AI and the End of Education

robot teacherBy the click-baity title “end of education,” I don’t mean the inevitable intellectual dystopian smoking hellscape of education that is to come, but the purpose of education: to what end are we doing what we do and by what means do we wish to do it. What is the purpose of education? Even here in a technical college, our goal shouldn’t be to just get someone through a test, but to teach them how to learn. We are not just teaching someone how to repair a car, but how to analyze problems. The uncritical adoption of the latest technology (or idea, pedagogy, philosophy, etc.) does not do that.

“He [Plato] defined education as we would: as training of personality to absorb the greatest possible scope and intensity of meaning and value from experience.” – Kenneth Rexroth

I think that the question we need to ask is why are we in education in the first place? Why are we teaching? If it is purely transactional – that you are here to provide student X with a certification for a job. Then, yes, by all means, lets get rid of teachers and replace them with AI or maybe a “smart” vending machine. But if it is more than that, then we should be taking the time to look closely at the tools we choose to use.

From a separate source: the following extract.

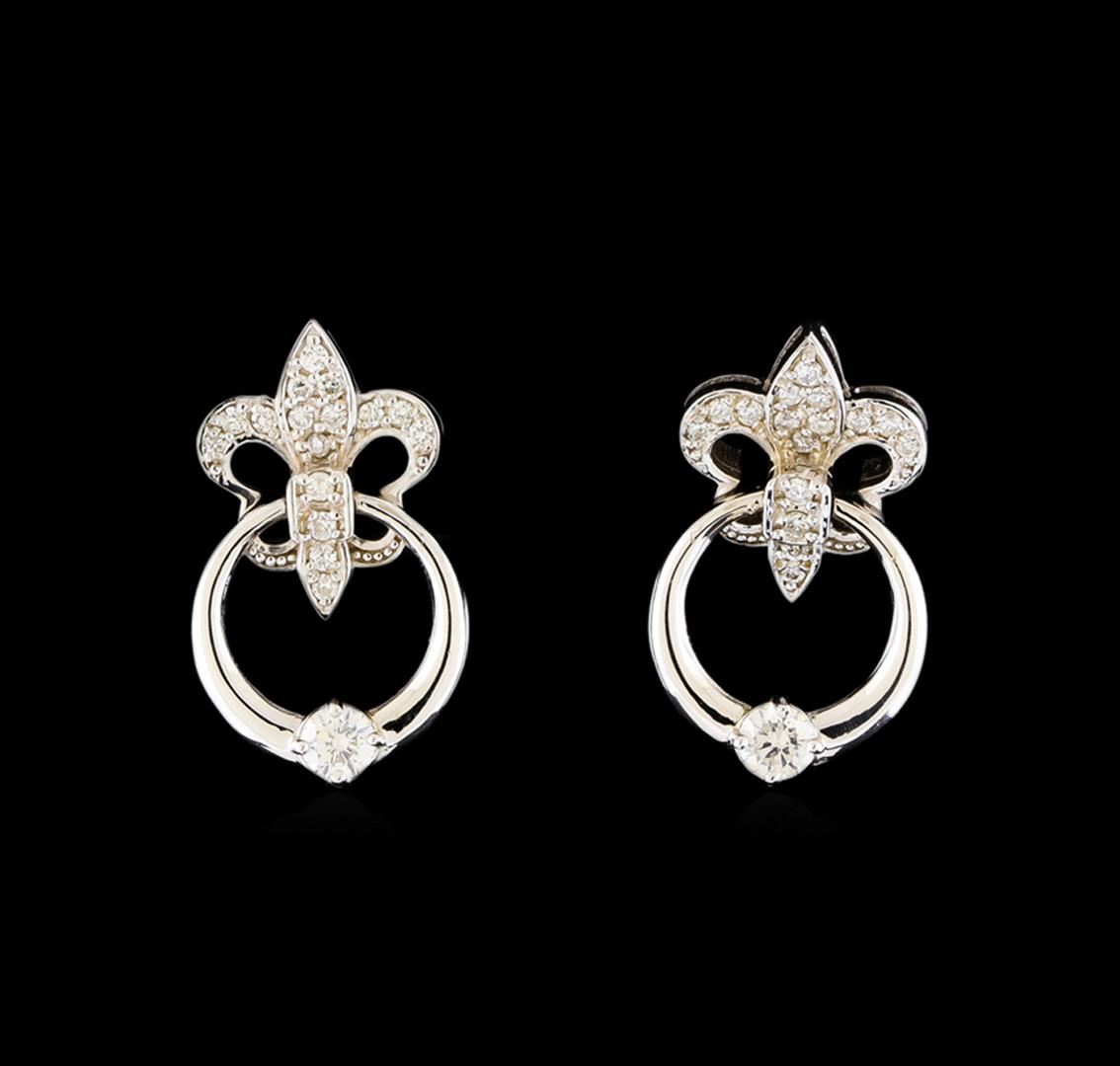 One pair of earrings featuring: 14KT white gold weighing 4.54 grams containing two diamonds weighing 0.20ctw and side diamonds weighing 0.18ctw.

The idea that AI is going to make it easier to write a paper is like saying that a Xerox machine makes it easier to draw. The purpose of drawing is not just to easily reproduce what we see, but to use our minds and body, our whole person to bear on ideas in a tangible way and connecting to the world around us. A camera can reproduce things more accurately, but even modern architectural drawings try to communicate the spirit of a place or the concept behind the building.

Learning how to think, how to solve problems creatively does not need to be off-loaded on to technology as something difficult. Thinking and creating is difficult – its called “cognitive dissonance” and the resolution of that dissonance is where learning takes place. This is not just the acquisition of information or the production of a paper: the knowing happens in the work.

To bowdlerize McLuhan, the tools we choose to shape the world also shape us, therefore it is critical that we understand what tool we are actually choosing. Proponents of tools like ChatGPT are already projecting human thought processes onto a Large Language Model that does not actually think, create, or decide. Educators need to account for the ethical costs of the tools we choose to use. There are problems with the lack of transparency with companies like OpenAI where we have no way to verify the data that the company uses to “train” its ChatGPT because that information is proprietary. But I have touched on these issues elsewhere.

“The function of education, therefore, is to teach one to think intensively and to think critically. But education which stops with efficiency may prove the greatest menace to society. The most dangerous criminal may be the man gifted with reason, but with no morals.” – Martin Luther King, Jr.

I don’t object to a single thing about AI itself – it is just another tool and tools have their uses.  It is being used to make huge improvements in medical treatments, assist during natural disasters and help us respond to climate change, just to name some innovations. What is objectionable is that corporations like OpenAI are treating education as just another marketplace and students as just another commodity. They also promote the view that education and assessment is just the production of just another product. And institutions are going along with it all because they think they will miss out on “the latest thing.” If we don’t do this, then someone else will. Alternately, I am hoping that we can create some spaces for critical thinking and analysis of AI and make decisions about how AI might fit into education based on something besides marketing.